The plant attempted to purchase and manage its own reverse osmosis (RO) equipment in order to maintain its ash pond during cold-weather months, which can last more than half the year. However, the contractor that the plant assigned to support the project did not provide reliable support and the system failed after less than one hour.

Plant management subsequently requested MPW review the situation and propose a solution.

Solution

MPW dedicated the time to understanding the pond wastewater and researching the best processing methods. The company’s applications engineers ran projections using various chemistries to determine the optimal running conditions for a changing pond water system, then developed a process solution and provided the trial equipment to prove their theories on-site.

MPW designed a system consisting of an ultrafiltration (UF) unit, an RO unit and a combined UF/RO unit (UR). The process maintains a steady flow of effluent to keep pond levels from exceeding fill limits. Efficiency of the system is adjusted to the changing conditions of the pond water quality, maximizing output.

MPW worked with the customer to improve its pretreatment process both chemically and mechanically. The pretreatment effluent feeds the specially designed UR trailer to remove all the solids prior to removing enough of the dissolved solids to meet the strict discharge requirements.

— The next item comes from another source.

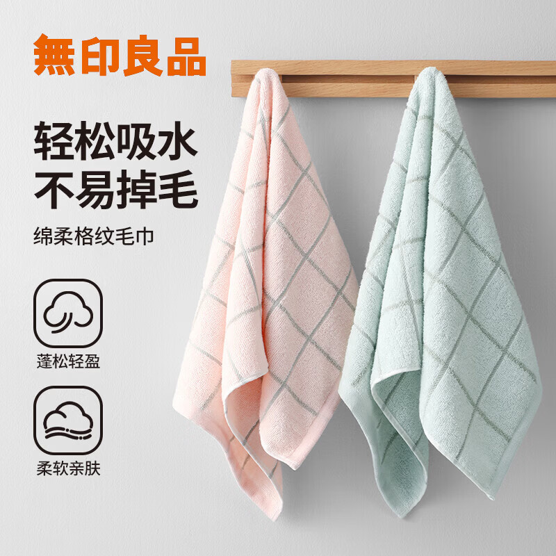 无印良品毛巾7A抗菌A类快速吸水洗脸面巾纯棉非纯棉珊瑚绒洗脸巾 经典格子款【粉+蓝】 2条

The system allows the customer to budget a set amount to meet these limits. MPW field service technicians operate the equipment and continually test chemistry and equipment variations to improve efficiency. The process also allows for redundancy to maintain operations under adverse conditions.

Results

The UR and process system ran the first four months of its deployment with no upset or need for RO cleaning. Processing issues developed only after the pond was filled with concentrated contaminants from another pond, but even under those adverse conditions, discharge quality was maintained (albeit at lower flow output).

Following the first year of UR deployment, MPW presented a concentrate-recovery system. This system is targeted at maintaining a secondary waste pond, eliminating the need for off-site trucking for deep-well injection and handling high-conductivity upsets of the primary coal ash waste pond.

MPW’s ability to properly define the problem in the waste-handling system and apply those learnings to an equipment solution such as the UR were key in the success of this project. This is a long-term project that will be ongoing throughout the life of the plant.